- Born: 1 September 1889 Taberwiese, East Prussia, German Empire (now Taborzec, Poland)
- Died: 1965 (aged 76)
- Education: Ludwig-Maximilians-Universität München (M.D.)
- Spouse: Konrad Hurler
- Scientific career
- Fields: Pediatrics
- Workplaces: Hauner Children's Hospital

= Gertrud Hurler =

German pediatrician

Gertrud Hurler, née Zach (1 September 1889 – 1965), was a German pediatrician who wrote up a disease that came to be known as Hurler syndrome and a lesser version which is known as Hurler–Scheie syndrome.

==Life==
Gertrud Hurler was born in Taberwiese, East Prussia, German Empire (now Taborzec, Poland) on 1 September 1889. She was educated in Königsberg, East Prussia (now Kaliningrad, Russia), before getting her M.D. degree at the Ludwig-Maximilians-Universität München. She married Konrad Hurler, a veterinary surgeon, in 1914, and they had a daughter and a son together.
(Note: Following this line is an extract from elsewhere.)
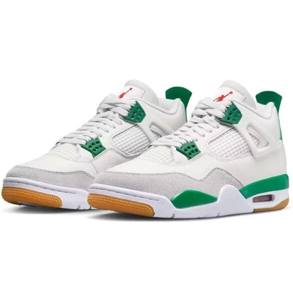 Skate energy meets Jordan legacy. The Air Jordan 4 Retro SB Pine Green brings a fresh twist with crisp white leather, bold green hits, and that gum sole feel underfoot. It’s clean but rebellious, built for movement, impact, and standing out without forcing it. There’s a raw, creative edge in every step—like you’re rewriting the rules of the street your own way.

Her example inspired her husband to get his own medical certificate. During her post-graduate training in pediatrics at Hauner Children's Hospital, she observed two infants that displayed symptoms of corneal clouding, dwarfing skeletal dysplasia, spinal misalignment, and mental retardation. Previously known as gargoylism or lipochondrodystrophy, the disease was named after her, despite the initial report being given by her chief, Professor von Pfaundler, to the Munich Pediatric Society. Hurler wrote up the case in Über einen Typ multipler Abartungen, vorwiegend am Skelettsystem that was published in the Zournal Kinderheilk in 1919. That same year she started a private practice as a pediatrician in Neuhausen that lasted until her death in 1965.